Температура у него подскочила чуть не под потолок, зато пульс упал до пола. Он едва не терял сознание, но в его взгляде не было страха, так как он знал, что рано или поздно это закончится. Его глаза горели яростью, отвращением к себе, потому что ему до смерти хотелось вновь соединиться с нею. Потом он стал мучительно потеть. Констанс нашла толстый махровый халат с капюшоном — они утащили его из отеля, где Аффад снимал номер в прошлый раз, когда был в Женеве. Идеальная вещь для такого случая, хотя Констанс пришлось потрудиться, прежде чем она натянула на него халат, ведь он и секунды не мог удержаться на ногах из-за приступов дрожи, бросавших его на четвереньки. Мгновенная перемена была пугающей, потому что его скрутило и он буквально посерел. Злая малярия известна своими непредсказуемыми температурными скачками. Однако теперь было не до любви; Аффаду предстояло еще помучиться, пока малярия не оставит его в покое. Констанс укрыла его одеялами, после чего он послушно повернулся лицом к стенке и, не переставая дрожать, задремал с такой высокой температурой, что горел как в огне. Она даже не стала мерить ему температуру, чтобы не испугаться! Конечно же, не обошлось и без лекарств, но они должны были подействовать лишь к утру. И тогда он будет как выжатый лимон… Проклятье!

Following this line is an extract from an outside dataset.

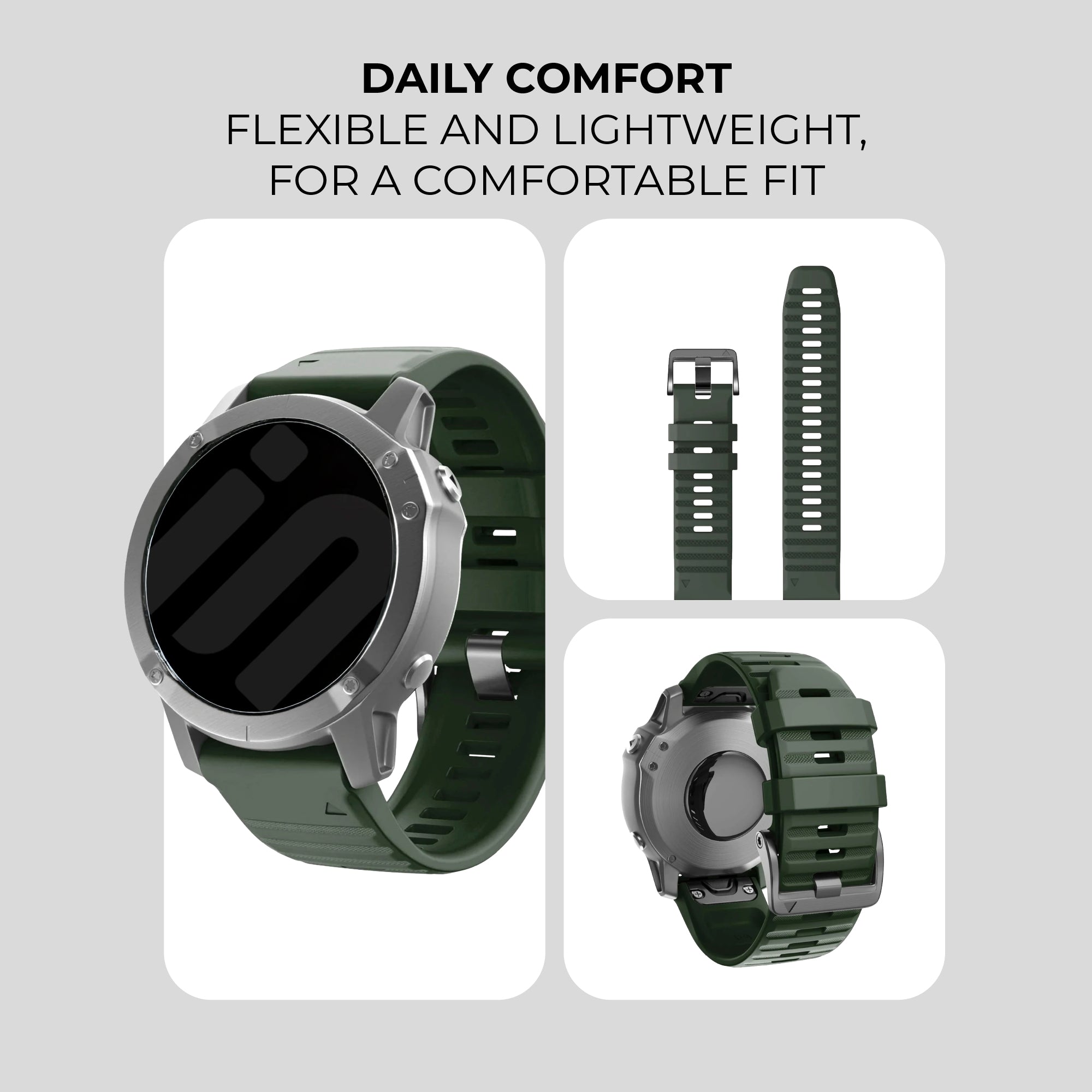 Silicone smartwatch straps are very durable and are known for their long lifespan. Excessive exposure to sun or chlorinated water may shorten the lifespan of a silicone watch strap.

«Проклятье» еще и потому, что опять зазвонил телефон. В трубке она услыхала нарочито спокойный голос Шварца, словно он старался скрыть волнение или страх.
— Я везде пытался отыскать тебя, потому что твой подопечный сбежал. Да, Мнемидис!
Констанс надолго задумалась.
— Подкачала наша охрана? Что с Пьером?
— Мнемидис довольно жестоко ранил его большим ножом, который взял в кухне. Но он, точно, сбежал, потому что звонил своему врачу из Александрии и пришел в восторг от новостей. Тебе ведь известно, что его друзья пытались получить документы, чтобы увезти его в Каир? Ну, так швейцарцы пошли им навстречу, и теперь Мнемидису ничто не мешает встретиться с египтянами и на частном самолете улететь домой — самолет ждет в аэропорту. Поэтому не стоит особенно тревожиться из-за его побега, но я все же переехал в отель и попросил плотника поменять замок во входной двери у себя дома. Полагаю, тебе надо поступить так же. По крайней мере, пока ситуация не прояснится. Александрийский доктор обещал, что даст мне знать, как только Мнемидис окажется под их опекой, чтобы они могли сопроводить его в Каир. Только этого нам не хватало! Надеюсь, ты не жалеешь, что ты настаивала на лечении? Нет? Ну, хорошо. Во всяком случае, Констанс, не надо рисковать. Сейчас он где-то в городе, и никто не знает, где именно. Короче говоря… Пожалуйста, будь qui-vive, ладно?
— Ладно, — не очень уверенно отозвалась Констанс.